DESASTRES NA AMAZÔNIA

 Estou ultimando um trabalho sobre o acidente de aviação com o Constellation da Panair do Brasil nas cercanias de Manaus, em dezembro de 1962. As operações de busca e salvamento levaram sete dias para alcançar os destroços e os despojos. Estavam mortos todos os ocupantes do avião, sendo 43 passageiros. Para tentar explicar os motivos de tantos desatinos há sessenta anos, fiz uma ligeira comparação com dois eventos recentíssimos, para provar como andamos desassistidos. O segundo, encerrado há horas: o assassinato de Dom & Bruno.

Detalhe da 1ª página de jornal, edição de 15.12.1962

Ao final de tantas ferocidades, pode-se arquitetar que a indigência de Manaus contribuiu enormemente para o desastre do PP-PDE, tanto pela ineficiência de comunicação com a aeronave e um simulacro de aeroporto. Quanto aos mortos, poucos foram os corpos que puderam ser sepultados, nenhum pode ser visto pelos familiares, tal a degradação de todos. Famílias e famílias receberam apenas aquele caixão como um símbolo, pois nada havia no seu interior que pudesse ser apreciado, reverenciado.

Agora aos fatos sucedidos em 2022: 1) em 24 de março, o barco regional “Bom Jesus” deixou Santarém (PA) com destino ao município de Chaves (PA) na ilha do Marajó, com apenas a tripulação de 6 pessoas (5 homens). Resolvido o que tinha que resolver, o barco navegou para a localidade de Nazaré, ainda no arquipélago marajoara. Dia 28, o “Bom Jesus” sofreu um incêndio, restando aos tripulantes se refugiar em uma ilha. Com pouca comida, sem água potável, mas todos com seu celular, que em nada auxiliou, pois no local não há sinal de telefonia. E, pior, a ilha encontra-se fora da rota de navegação.

Diante desse quadro, restou aos náufragos se alimentar como plausível, recolher a água da chuva para uso, enviar sinais de fumaça, e esperar... O tempo foi passando e nada de socorro, porém. Decidiram, então, recorrer ao medieval pedido de SOS marítimo, que consistia em colocar o pedido em uma garrafa e soltá-la ao mar. Nossos cabocos anexaram um adjutório, amarraram a garrafa em uma boia individual colorida.

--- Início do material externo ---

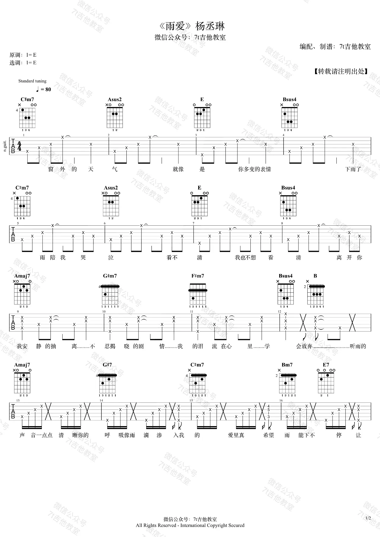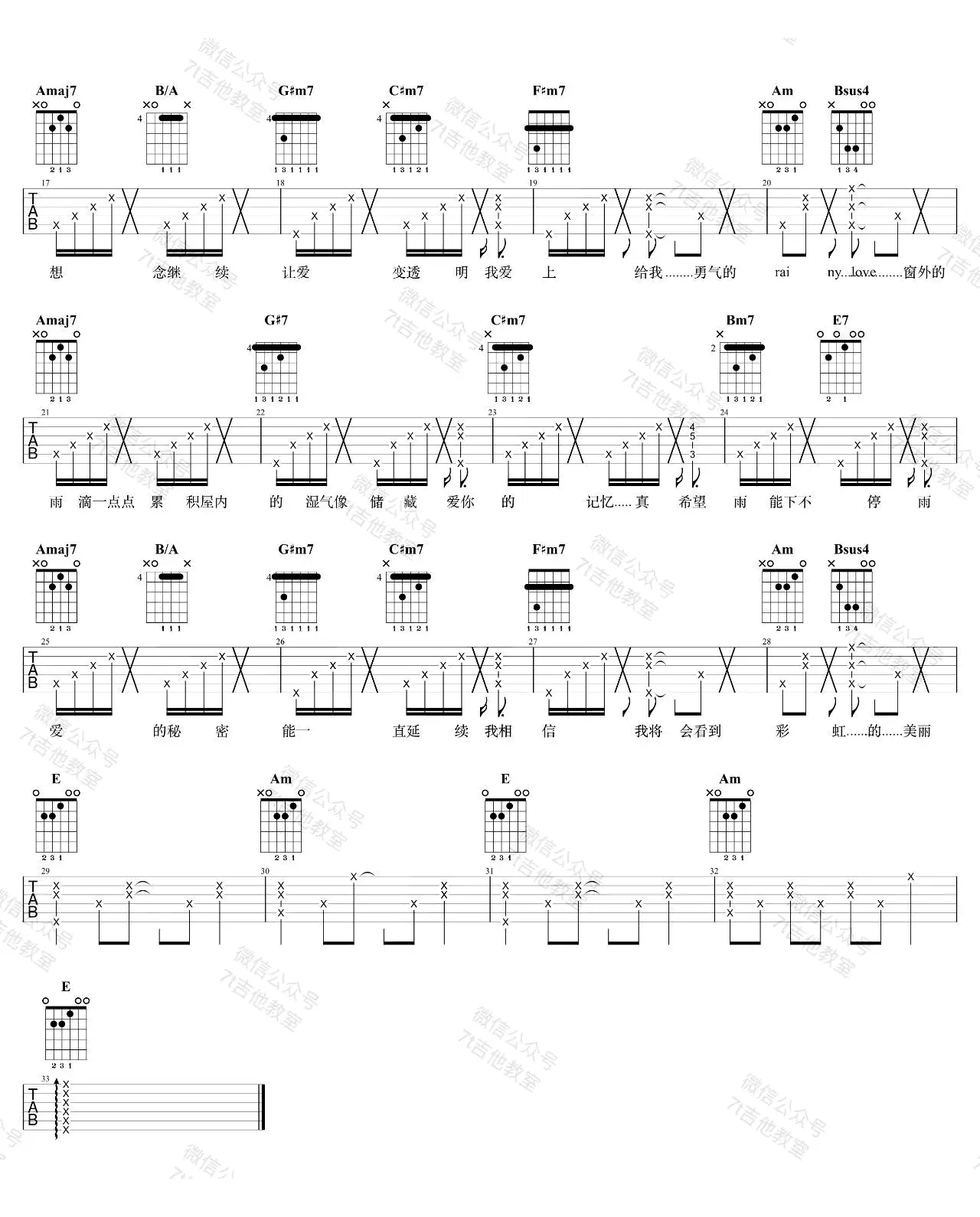 雨爱吉他谱_杨丞琳_E调_女生弹唱谱_图片谱

O resultado foi positivo: um pescador encontrou o arranjo e informou a Marinha que, no dia 13 de abril, resgatou os confinados, que haviam passado 17 dias na ilha das Flechas.

 

Bruno Pereira & Dom Philips

2) no domingo, 5 de junho, dois homens viajando em um barco desapareceram, quando se dirigiam para a sede do município de Atalaia do Norte. O sumiço era estranho, pois os dois – o jornalista britânico Dom Philipps e o indigenista Bruno Pereira – conheciam sobejamente a região, onde desenvolviam um trabalho de apoio aos indígenas do Vale do Javari.

O fato foi inicialmente comunicado aos organismos internacionais, os quais passaram a reclamar providências junto ao governo brasileiro. Logo se juntaram naquela região, na diminuta Atalaia do Norte (AM), órgãos do governo federal: núcleo das três Forças Armadas e da Polícia Federal; do governo estadual: Polícia Militar e Civil, além de Bombeiros Militar e Defensoria Pública. Sem olvidar a estrutura do Poder Judiciário da Comarca. Uma concentração de autoridades como nunca se viu naquele pedaço esquecido e inóspito do Amazonas.

No intento de encontrar os passageiros e o barco via-se pela TV cenas inusitadas: aviões militares com ocupantes vasculhando os labirintos da selva com binóculos; barcos com militares e armas de longo alcance; o exame de provas que durariam trinta dias; bombeiros enfrentando as águas barrentas do rio Itaquaí; policiais armados de potentes metralhadoras conduzindo um esquálido suspeito; enfim, tanta tecnologia e resultados pífios.

Oito dias depois e o mundo civilizado ainda perguntava: onde estão Bruno e Dom? Somente no décimo dia, foram encontrados... mortos.

Talvez por estes fatos se possa melhor compreender as decorrências do desastre do Constellation PP-PDE.